Given material:

- - -

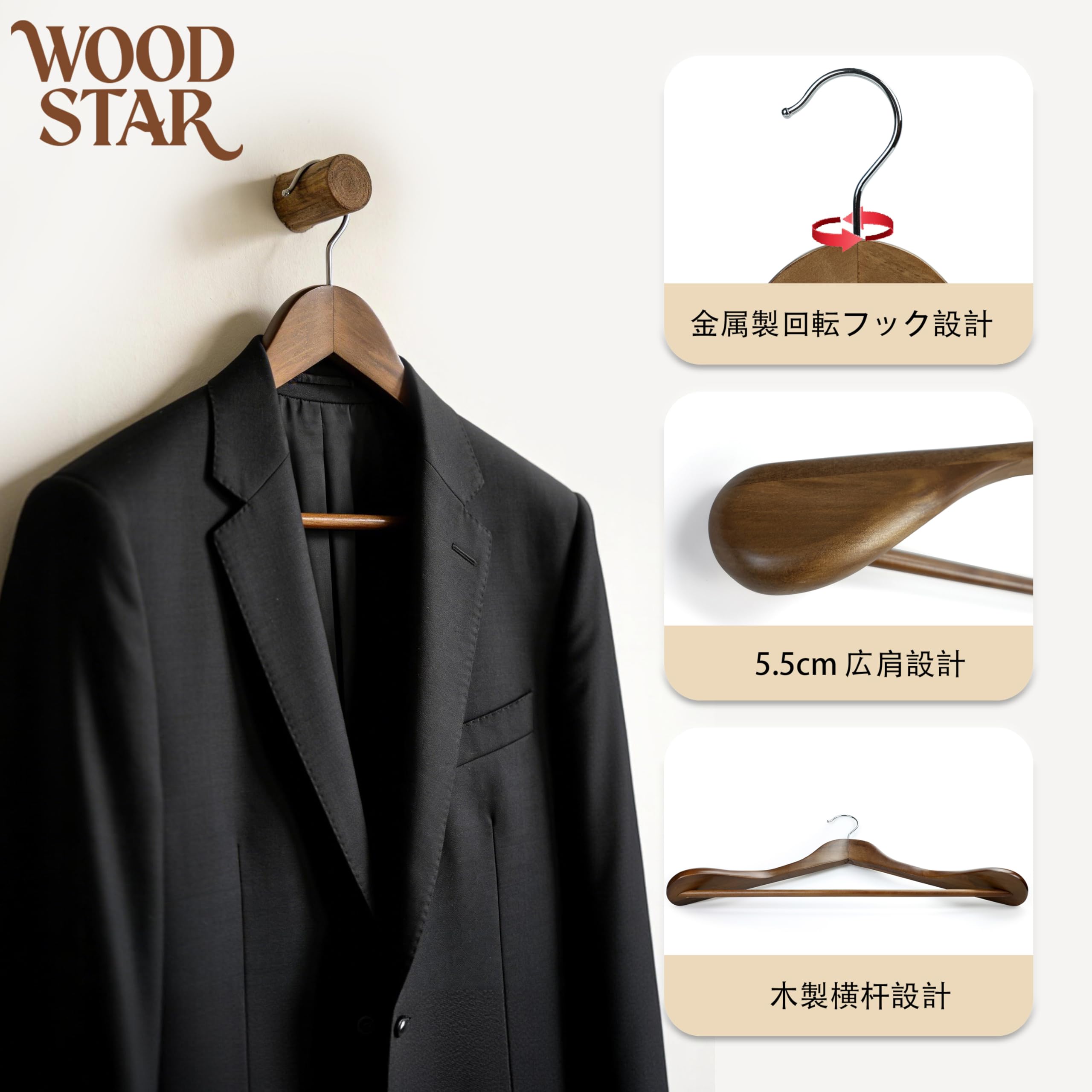 Wood Star 木製ハンガー 強力クリップペイ 6本セット 多機能 ブラウン 手作りの天然高級木材使用、滑り止め付きワイドショルダー 滑らか仕上げ 360度回転フック 無垢材 コートハンガー ドレス、スーツ ジャケット、パンツ、重い衣類、約44.5×5.5cm(ナチュラル)
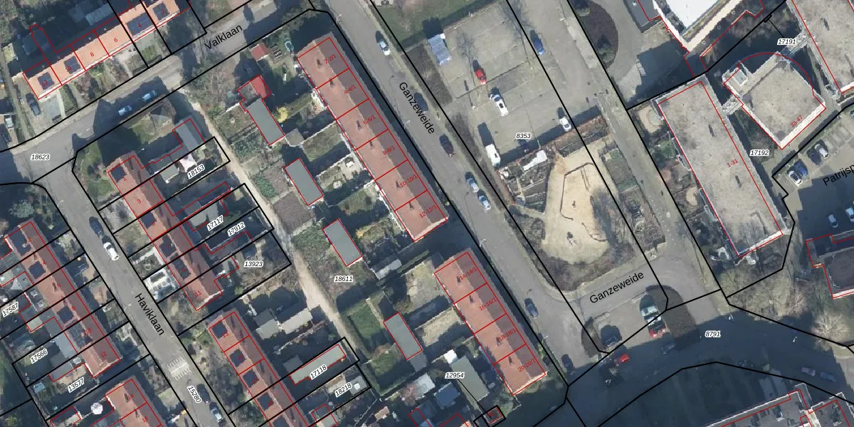 Ganzeweide 12 is gelegen op kadastraal perceel EDE01K18611. Deze kadastrale aanduiding is uniek en wordt gebruikt door het Kadaster om eigendomsrechten en andere zakelijke rechten vast te leggen. Het perceel maakt onderdeel uit van de kadastrale gemeente Ede.
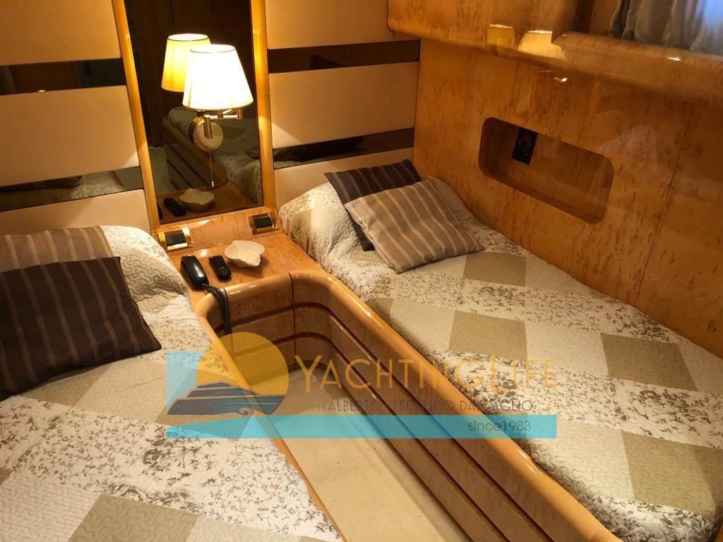 Notas internas1 Matrimoniale italiana, 2 Matrimoniale francese, 1 Doppia in piano, 1 Cabina equipaggio, 2 Toilette con doccia, 1 Dinette, 1 Cucina, 1 Salone, 1 Toilette Equipaggio, 2 Toilette doccia no bidet

- - -

Problem to solve:
Give back all of the data exactly, but not the pictures.

Solution for this exercise:
 Wood Star 木製ハンガー 強力クリップペイ 6本セット 多機能 ブラウン 手作りの天然高級木材使用、滑り止め付きワイドショルダー 滑らか仕上げ 360度回転フック 無垢材 コートハンガー ドレス、スーツ ジャケット、パンツ、重い衣類、約44.5×5.5cm(ナチュラル)
 Ganzeweide 12 is gelegen op kadastraal perceel EDE01K18611. Deze kadastrale aanduiding is uniek en wordt gebruikt door het Kadaster om eigendomsrechten en andere zakelijke rechten vast te leggen. Het perceel maakt onderdeel uit van de kadastrale gemeente Ede.
 Notas internas1 Matrimoniale italiana, 2 Matrimoniale francese, 1 Doppia in piano, 1 Cabina equipaggio, 2 Toilette con doccia, 1 Dinette, 1 Cucina, 1 Salone, 1 Toilette Equipaggio, 2 Toilette doccia no bidet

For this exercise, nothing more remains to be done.